Medicine Wheel Garden I had a great birthday. For one thing, my favorite former employer, GladRags, asked me to blog for them (joy of joys). Secondly, we have a fantastic new tradition in our multi-generational house (I live with my parents, husband and two children in Vermont—I know it wouldn’t work for everyone but it’s working out really well for us). Instead of buying each other gifts for all the birthdays and holidays, we decided to put that money toward a project that the birthday person gets to choose. For my birthday this May I chose to make a medicine wheel garden in the front flowerbed. I spent the weekend digging in the dirt, mending the rock wall, and preparing the flowerbed for all the cool new plants I got to buy with my birthday gift certificate to the local plant store. My shopping spree included a bird bath, gazing ball and all my favorites: lavender, lemon balm, sage, strawberries, roses and thyme. Hoo-ray! Medicine wheels or shields are a Native American tradition used to create sacred space. I built mine on the principles found in The Medicine Wheel Garden: Creating Sacred Space for Healing, Celebration, and Tranquility by E. Barrie Kavasch. I associate them mostly with safety and have built small ones out of stones on my dresser to symbolically represent one that would surround my home or me.

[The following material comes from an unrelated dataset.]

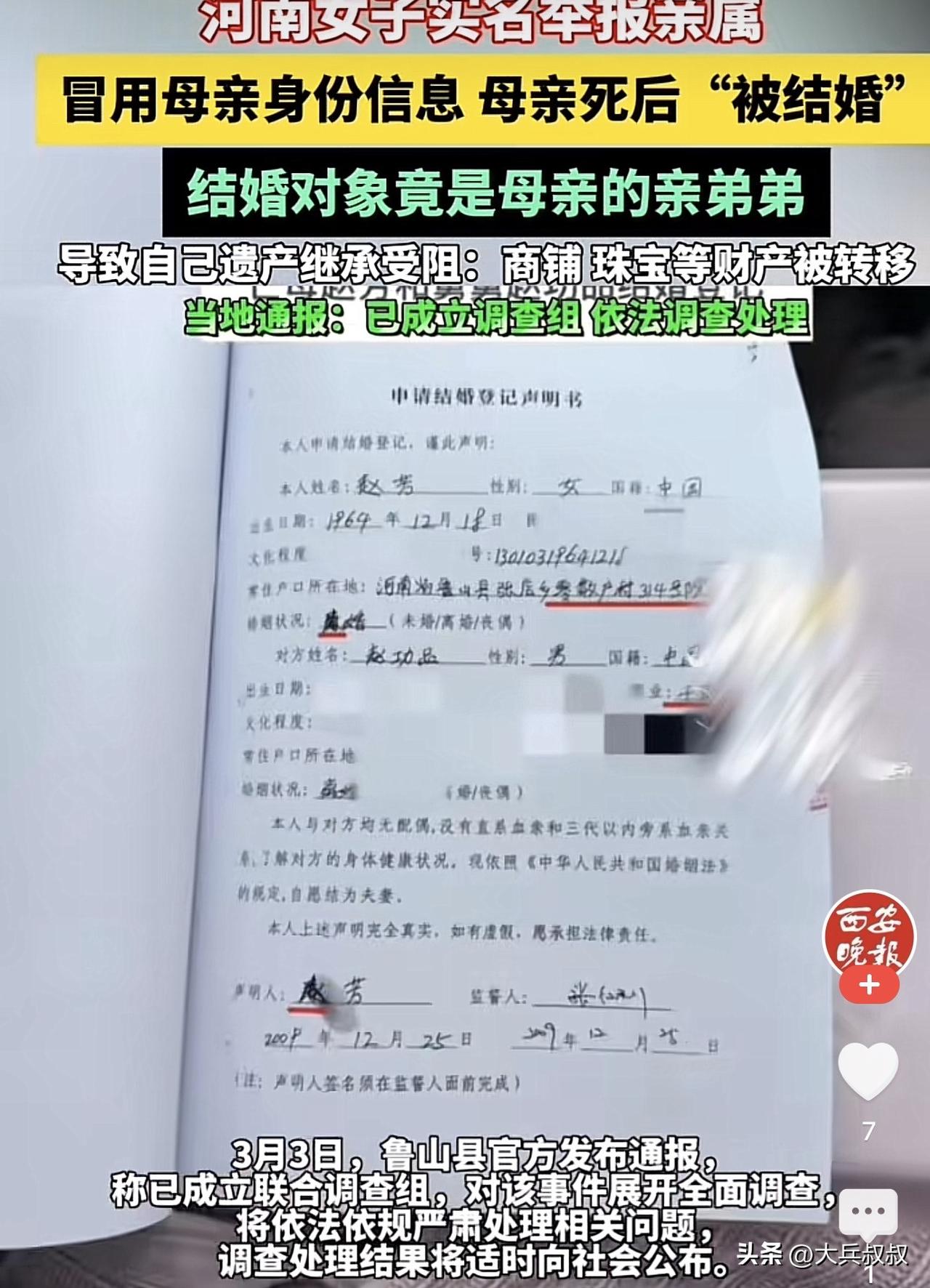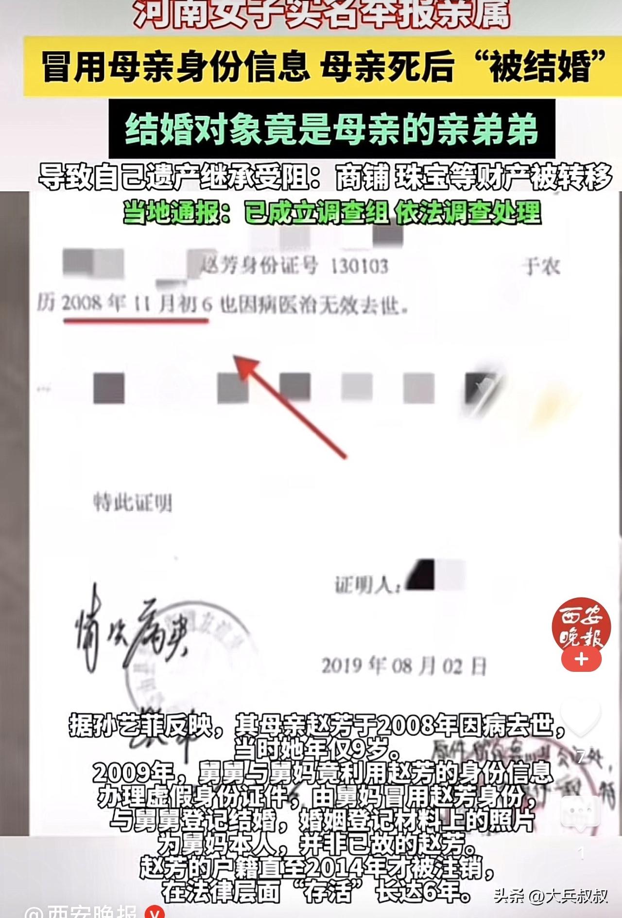 河南,一女子母亲去世后,女子因年龄太小就被小姨带去抚养,等女子成年后,打算继承母亲的遗产,结果发现母亲名下只有商铺,而女子也不是母亲唯一的女儿,事后女子发现,母亲竟然在去世后和舅舅结了婚,于是女子将此事曝光,当地表示已经成立了联合调查组。 据孙女士陈述,在08年的时候自己才9岁,当时母亲就因重病在医院治疗,母亲出院当天一共是发生了三件事情,第一办理了财产公证,第二是办理了抚养权公证,自己被小姨抚养,第三就是办理了出院手续并在当天逝世。 此后,孙女士就被断绝了和亲生父亲的往来,待孙女士成年后,孙女士打算继承母亲的遗产,因为据孙女士介绍,母亲生前有大量珠宝,还有房屋和商铺,但等自己真的继承时发现仅仅有商铺,而房产竟然被小姨给卖掉了。 更让孙女士无法接受的是,在母亲去世之后,母亲竟然和舅舅结了婚,而且孙女士竟不是母亲唯一的女儿,所以,孙女士感觉天都塌了。 事发后,当地有关部门表示已经成立了联合调查组,对此事进行调查。 网友则表示,就算是她母亲和她舅舅结婚,在法律上他们是近亲属,怎么审核通过的,太不可思议了。 还有网友说,太离谱了,这说明有人拿着这个女的母亲的身份活了十多年,这十多年来,把女子的家产全部侵吞了。 目前,有关部门正在就此事进行调查,但是,孙女士母亲的房子被小姨卖掉之后,房款也打给了小姨,除非这笔钱能够证明,用于了孙女士的抚养和生活,否则的话,小姨是需要如数返还的。 民法典第三十五条规定,监护人应当按照最有利于被监护人的原则履行监护职责。监护人除为维护被监护人利益外,不得处分被监护人的财产。 所以,如果小姨不能够证明卖房子的钱用于了孙女士的生活,那么,小姨是需要返还这笔钱的。 与此同时,孙女士母亲和其弟弟结了婚,这在法律上其实属于无效婚姻,民法典第一千零四十八条规定,直系血亲或者三代以内的旁系血亲禁止结婚。 所以,孙女士和弟弟的婚姻,其实是属于无效婚姻,但是,民政部门往往只是对婚姻做形式审查,而不是实质审查,如果核查的不细致,如果孙女士的母亲和妹妹长得相似的话,不排除是妹妹(即孙女士小姨)冒称孙女士的身份,和孙女士的舅舅结婚的可能性。 如果两方为了孙女士母亲的财产而做出这样的安排,也不是没有这个可能性,当然,这只是一种猜测,事实如何还是要看有关部门的调查。 涉事人员是否会牵扯到刑事犯罪的问题,其实也是很有可能的,即孙女士母亲和其弟弟结婚,如果是有人冒称的,那么,冒称的人在已婚的情况下,是存在构成重婚罪可能性的,如果其舅舅知情,也算是同犯,也应承担重婚罪的责任。 当然,如果是两方联手分孙女士母亲的遗产,那么,两方就是在以隐瞒事实的情况下,擅自处分他人财产,这有可能定盗窃或者是诈骗,到底真相如何,我们还是拭目以待。 对此,你对本案有什么看法? —————————— 关注我,带你评析法律热点,关注冷暖人生。 文章原创,抄袭必究

I happened to read New Moon Rising: Reclaiming the Sacred Rites of Menstruation by Linda Heron Wind around the same time as I was working on this garden. Wind describes how to make a belly shield, which I quickly noticed was the same concept as a medicine wheel garden. Belly shields can be made either physically or mentally as a way to protect your belly from the negative energies in life. She also said something that struck me: that women also need a space to go to during PMS time where they don’t need to have their belly shields up, a place and time to be open to what I think of as the higher calling of menstruating: inspiration and understanding. Maybe my medicine wheel garden can be a place like that for me…although it is in the front of my house where all the neighbors can see as well as traffic going by. Do you think they’d mind me washing out my GladRags out there?